DEV Community

Cover image for Why AI Contracts Failed (Before FACET)
rokoss21
rokoss21

Posted on

Why AI Contracts Failed (Before FACET)

Why schemas, prompts, and validators were never enough — and why a deterministic contract layer became inevitable.


The Original Promise

From the earliest days of production LLM systems, engineers tried to impose structure:

  • JSON schemas in prompts
  • "Please respond strictly in JSON"
  • Tool definitions as docstrings
  • Output validators (Pydantic, JSON Schema, regex)

The idea was simple: treat the model as if it were a well-behaved component.

That assumption failed.

Not because engineers were careless — but because the architecture was wrong.


Failure Mode #1: Contracts Were Text, Not Enforcement

A schema inside a prompt is not a contract.

It is advice.

The model can:

  • reorder fields
  • omit required keys
  • hallucinate extra properties
  • emit partial JSON
  • switch formats mid-stream

Validation happens after generation — when the system is already corrupted.

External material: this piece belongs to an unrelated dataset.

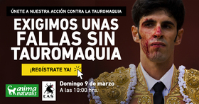 Únete a la acción antitaurina de AnimaNaturalis y CAS International. Con una protesta impactante, mostraremos que la ciudadanía valenciana se avergüenza de que las fallas queden empañadas, cada año, por la feria taurina.

At that point, all you can do is:

  • retry
  • truncate
  • patch
  • pray

This is not enforcement. This is damage control.


Failure Mode #2: Validation Was Post-Hoc

Most stacks adopted the same pattern:

  1. Generate text
  2. Try to parse it
  3. Fail
  4. Retry with a stronger prompt

This creates systemic problems:

  • retries amplify cost and latency
  • failures are nondeterministic
  • retry logic becomes untestable
  • agents drift between runs

A contract that fires after violation is not a contract.


Failure Mode #3: Providers Enforced Hidden Rules

LLM providers impose constraints that are:

  • undocumented
  • model-specific
  • enforced at runtime

Examples observed in production:

  • tool calls must follow a user turn (Gemini)
  • function arguments silently dropped (OpenAI)
  • tool names mutated by casing (Claude)
  • complex schemas rejected with 400/500 errors

Developers discovered these rules empirically — via failures.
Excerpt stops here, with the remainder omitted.